Derek-Jones / ESEUR-book

Issue handling for Evidence-based Software Engineering: based on the publicly available data
http://www.knosof.co.uk/ESEUR/
277 stars 18 forks source link

Sentiment analysis #13

Open aserebrenik opened 3 years ago

aserebrenik commented 3 years ago

researchers are starting to collate software engineering specific training data _1134_

Recently several articles and corresponding datasets have been released in this field:

Related work discusses confusion:

Derek-Jones commented 3 years ago

Thanks for posting details of these papers, and particular the datasets. I'm always keen to see new data.

My experience with analysis of natural language is that it is very hard to anything meaningful. It takes a lot of work to do even the simplest of tasks.

I was once excited by the possibility of sentiment analysis, then I tried to use the predictions (in a non-software engineering context). I relearned how important word order is to meaning, and that what people mean can be the opposite of the words they use. Building a software engineering sentiment analysis dataset is one thing, doing anything useful with it is another.

"Anger and its direction": I once did some work for a charity trying to extract information on torture.
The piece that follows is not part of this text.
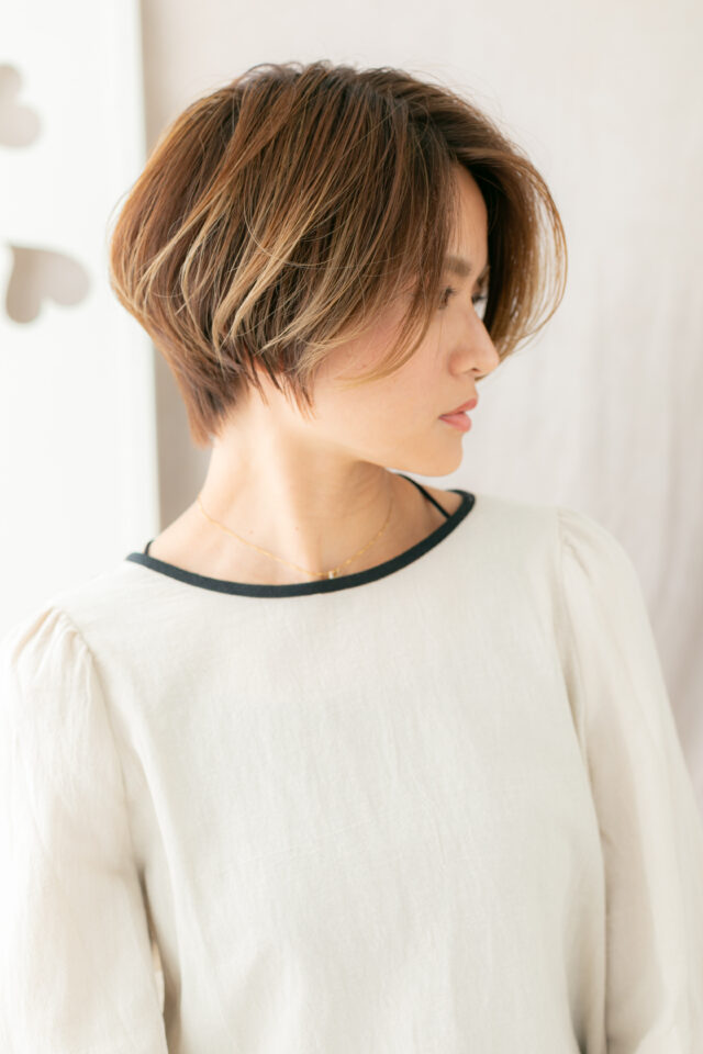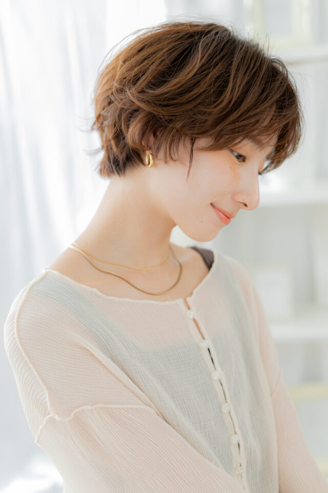 ▼軽やかさ×女性らしさを叶えたいなら【ふわっと丸みのあるハンサムショート】

The main problem we had was trying to figure out whether somebody was talking about being tortured or talking about others doing torture (e.g., torture was a bad thing). Again the problem was context, and the fact that the tools we had were too primitive (and those of us involved not being experts in linguistic processing).

"Confusion detection": The more interesting dataset would be the initial confusion/nonconfucion classification made by each annotator. This might be used to get some idea of what level of confusion exists about software senetences. If this exercise was rerun, I would expect the gold set produced to be very different from the one produced by this work. People really are very different.